DATA START
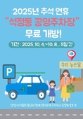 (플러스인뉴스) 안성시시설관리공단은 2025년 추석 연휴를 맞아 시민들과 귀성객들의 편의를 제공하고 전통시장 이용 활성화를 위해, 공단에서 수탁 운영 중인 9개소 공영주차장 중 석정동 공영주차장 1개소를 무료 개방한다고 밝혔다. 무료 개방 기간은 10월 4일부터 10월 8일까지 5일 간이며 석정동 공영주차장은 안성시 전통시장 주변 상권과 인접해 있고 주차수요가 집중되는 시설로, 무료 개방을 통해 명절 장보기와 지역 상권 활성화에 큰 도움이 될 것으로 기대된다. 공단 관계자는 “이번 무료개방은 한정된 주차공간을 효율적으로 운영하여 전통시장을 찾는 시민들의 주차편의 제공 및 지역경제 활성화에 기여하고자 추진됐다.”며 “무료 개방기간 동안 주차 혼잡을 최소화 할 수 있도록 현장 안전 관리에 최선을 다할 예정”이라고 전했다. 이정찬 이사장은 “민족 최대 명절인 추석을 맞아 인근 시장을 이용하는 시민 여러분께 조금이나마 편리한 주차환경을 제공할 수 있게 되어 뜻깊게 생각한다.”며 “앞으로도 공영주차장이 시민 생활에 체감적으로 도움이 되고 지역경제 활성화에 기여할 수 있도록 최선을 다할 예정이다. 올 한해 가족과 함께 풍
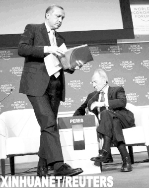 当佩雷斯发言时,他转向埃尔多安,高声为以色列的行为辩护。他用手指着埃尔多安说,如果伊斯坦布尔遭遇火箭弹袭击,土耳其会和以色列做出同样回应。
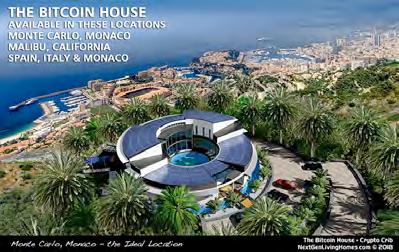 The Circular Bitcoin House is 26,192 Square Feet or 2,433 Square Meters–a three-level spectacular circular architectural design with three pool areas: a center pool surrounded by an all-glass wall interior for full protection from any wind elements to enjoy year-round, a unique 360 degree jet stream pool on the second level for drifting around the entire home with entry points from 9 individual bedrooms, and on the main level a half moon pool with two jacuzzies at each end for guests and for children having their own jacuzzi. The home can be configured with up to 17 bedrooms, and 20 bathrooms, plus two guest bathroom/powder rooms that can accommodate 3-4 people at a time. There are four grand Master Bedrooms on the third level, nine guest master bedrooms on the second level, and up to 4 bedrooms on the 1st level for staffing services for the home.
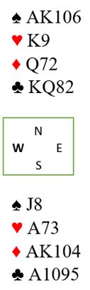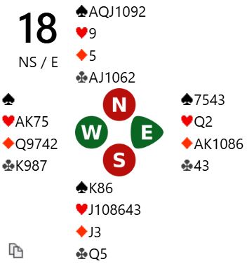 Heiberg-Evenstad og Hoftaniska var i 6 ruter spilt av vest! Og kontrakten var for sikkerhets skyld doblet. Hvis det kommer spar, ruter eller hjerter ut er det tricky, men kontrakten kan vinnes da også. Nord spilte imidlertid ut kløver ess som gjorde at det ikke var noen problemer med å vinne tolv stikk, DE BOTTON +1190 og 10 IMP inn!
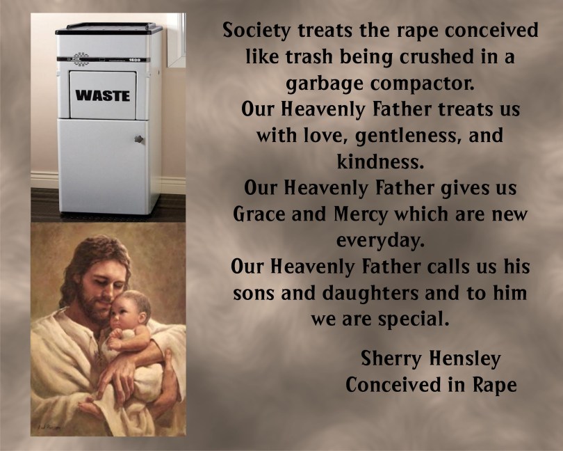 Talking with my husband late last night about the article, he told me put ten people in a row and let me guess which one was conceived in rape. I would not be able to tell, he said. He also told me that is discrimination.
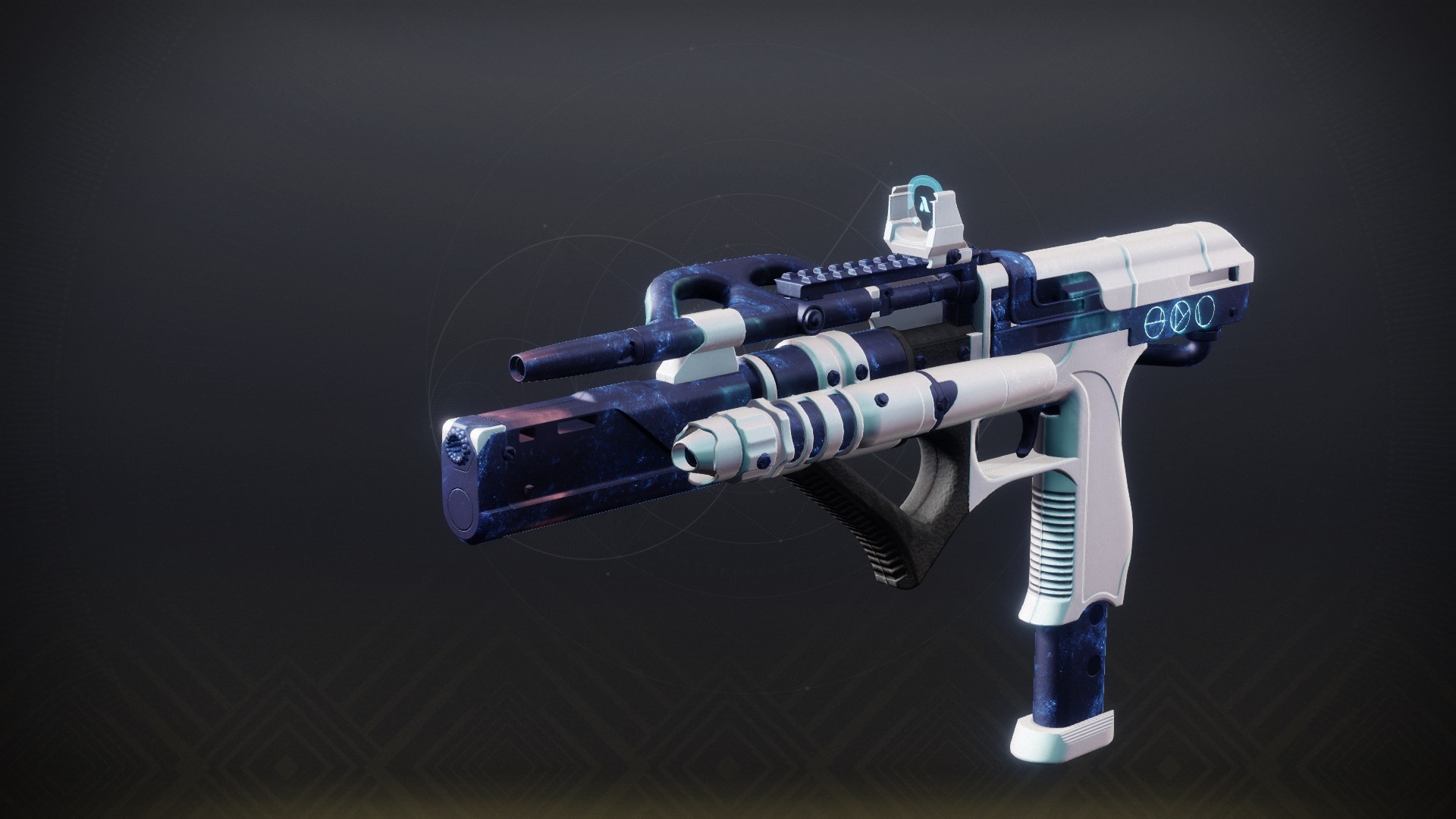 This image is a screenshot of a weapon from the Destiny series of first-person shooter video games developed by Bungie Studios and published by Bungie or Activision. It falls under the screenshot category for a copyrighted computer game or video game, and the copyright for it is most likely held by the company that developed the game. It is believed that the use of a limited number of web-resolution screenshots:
DATA END
DATA START
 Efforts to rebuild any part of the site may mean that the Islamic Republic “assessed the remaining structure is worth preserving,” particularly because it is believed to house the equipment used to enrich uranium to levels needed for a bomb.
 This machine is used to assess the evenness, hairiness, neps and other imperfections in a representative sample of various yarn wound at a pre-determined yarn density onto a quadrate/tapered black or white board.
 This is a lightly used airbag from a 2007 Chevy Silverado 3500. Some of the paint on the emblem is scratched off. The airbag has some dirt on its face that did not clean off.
DATA END
WHAT TO WORK ON: Set the pictures aside and retype exactly the lines above from the line with "Heiberg-Evenstad og Hoftaniska" to the line with "This image is", both included, adding no others.

ANSWER TO THIS EXERCISE:
 Heiberg-Evenstad og Hoftaniska var i 6 ruter spilt av vest! Og kontrakten var for sikkerhets skyld doblet. Hvis det kommer spar, ruter eller hjerter ut er det tricky, men kontrakten kan vinnes da også. Nord spilte imidlertid ut kløver ess som gjorde at det ikke var noen problemer med å vinne tolv stikk, DE BOTTON +1190 og 10 IMP inn!
 Talking with my husband late last night about the article, he told me put ten people in a row and let me guess which one was conceived in rape. I would not be able to tell, he said. He also told me that is discrimination.
 This image is a screenshot of a weapon from the Destiny series of first-person shooter video games developed by Bungie Studios and published by Bungie or Activision. It falls under the screenshot category for a copyrighted computer game or video game, and the copyright for it is most likely held by the company that developed the game. It is believed that the use of a limited number of web-resolution screenshots:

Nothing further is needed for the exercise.